Dataset excerpts:
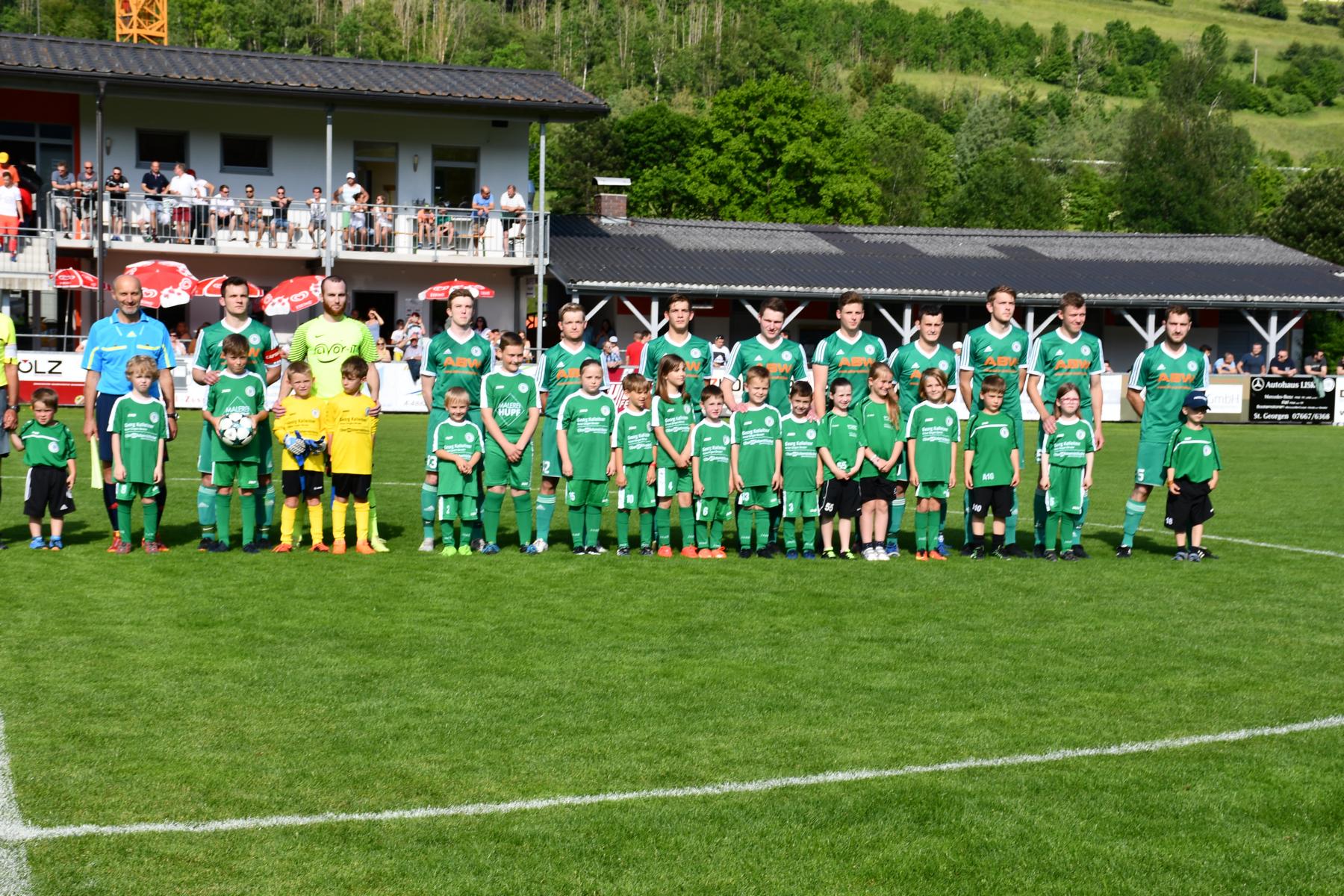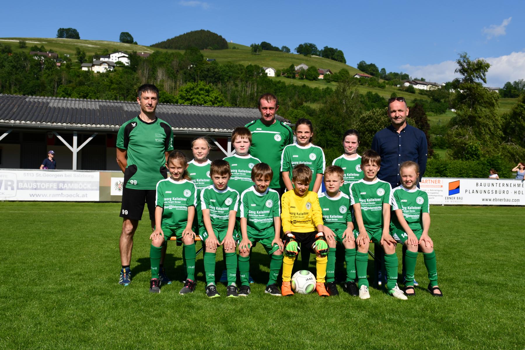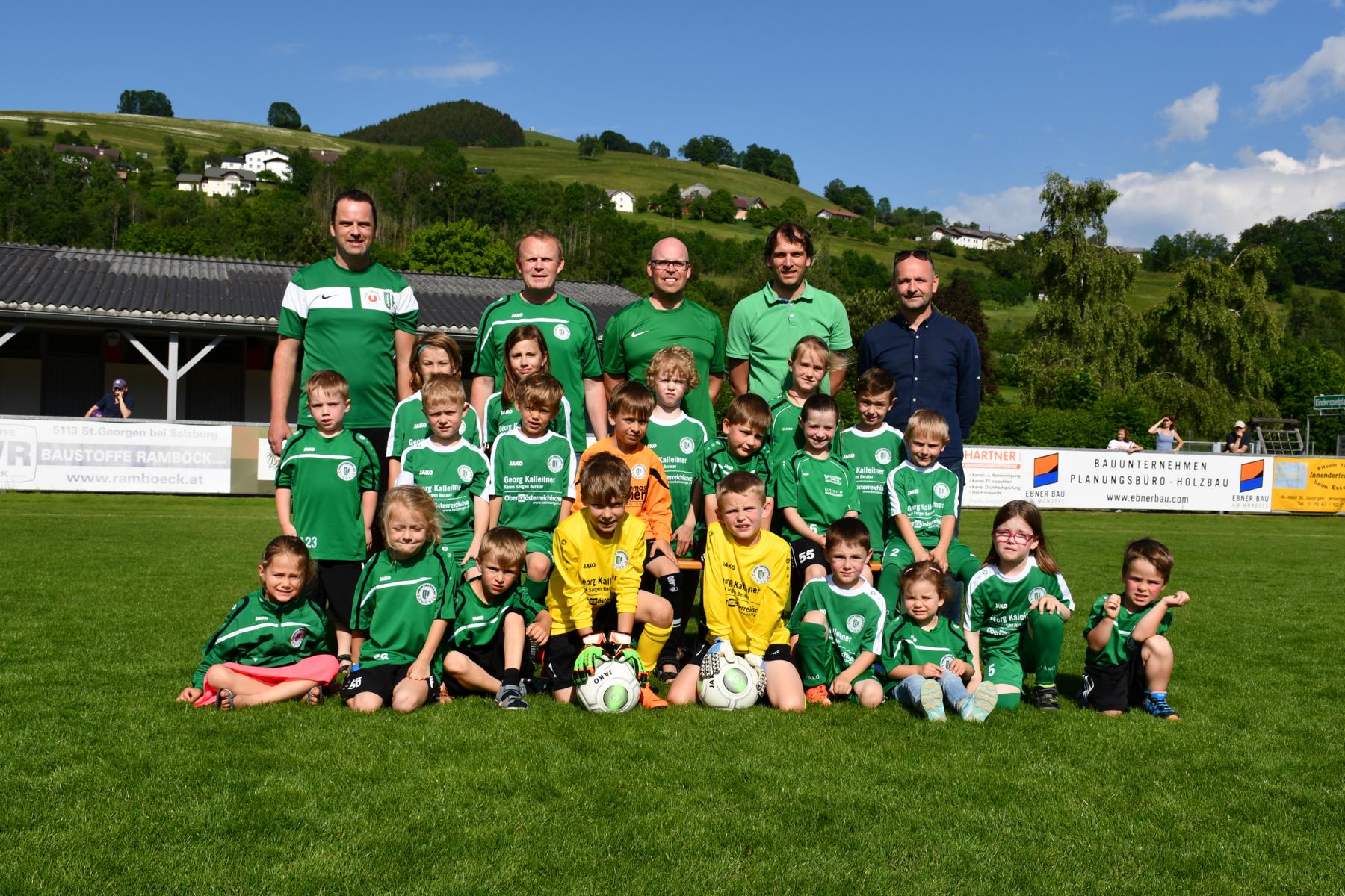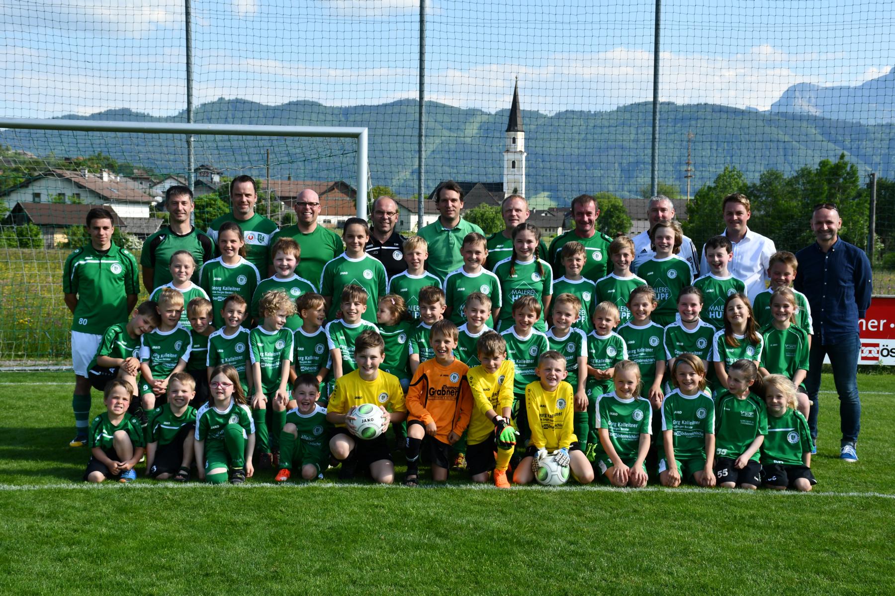 Am Pfingstmontag, beim Spitzenspiel zwischen Union Oberwang gegen Steyrermühl, durften die Mannschaften dann ihre neue Kleidung präsentieren und mit den "Großen" auf das Spielfeld einlaufen.
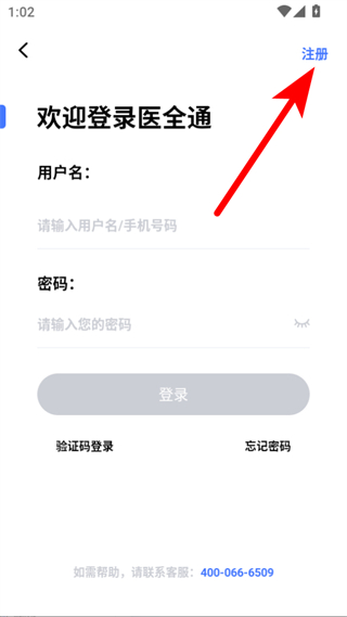2、在登录页面,点击右上角注册选项,进入注册页面。
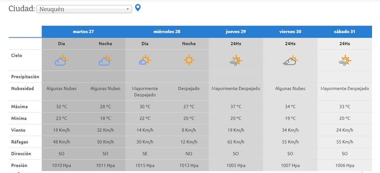 La última semana de 2022 llega con tiempo caluroso, viento y algunas tormentas en Neuquén y el Alto Valle, según el reporte de la Autoridad Interjurisdiccional de Cuencas (AIC).
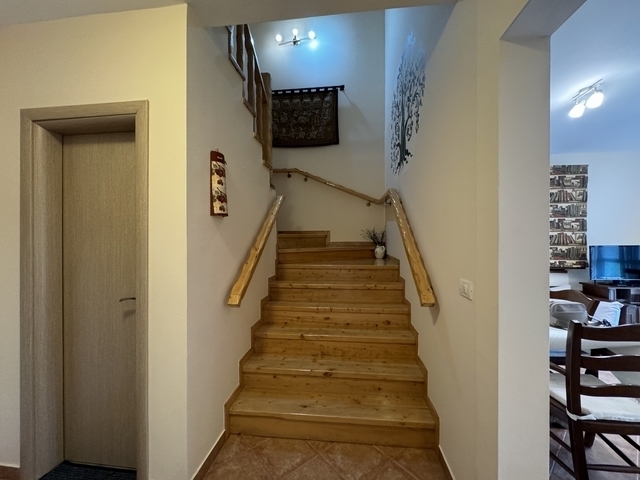 The comfortable wooden staircase leads on the upper level where are 2 bedrooms with balcony doors open to a covered balcony facing to the garden and a bathroom. In the hallway, at the end of the staircase, a kitchenette is available for the guests of the family.
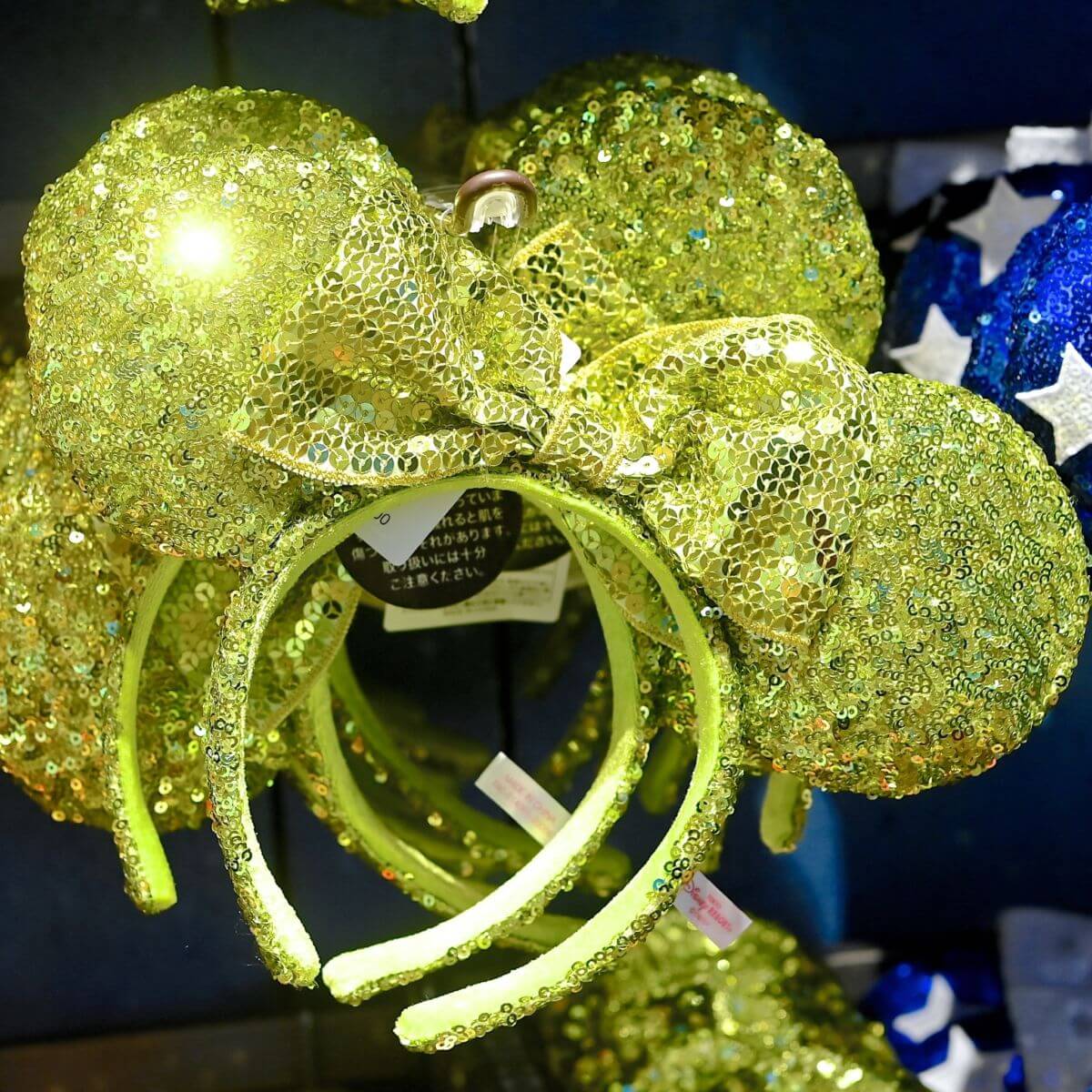 ミニーマウスのスパンコールカチューシャ、イエローグリーン。

About this exercise: Each line of the data should be quoted exactly, with pictures left out.

Your response:
 Am Pfingstmontag, beim Spitzenspiel zwischen Union Oberwang gegen Steyrermühl, durften die Mannschaften dann ihre neue Kleidung präsentieren und mit den "Großen" auf das Spielfeld einlaufen.
2、在登录页面,点击右上角注册选项,进入注册页面。
 La última semana de 2022 llega con tiempo caluroso, viento y algunas tormentas en Neuquén y el Alto Valle, según el reporte de la Autoridad Interjurisdiccional de Cuencas (AIC).
 The comfortable wooden staircase leads on the upper level where are 2 bedrooms with balcony doors open to a covered balcony facing to the garden and a bathroom. In the hallway, at the end of the staircase, a kitchenette is available for the guests of the family.
 ミニーマウスのスパンコールカチューシャ、イエローグリーン。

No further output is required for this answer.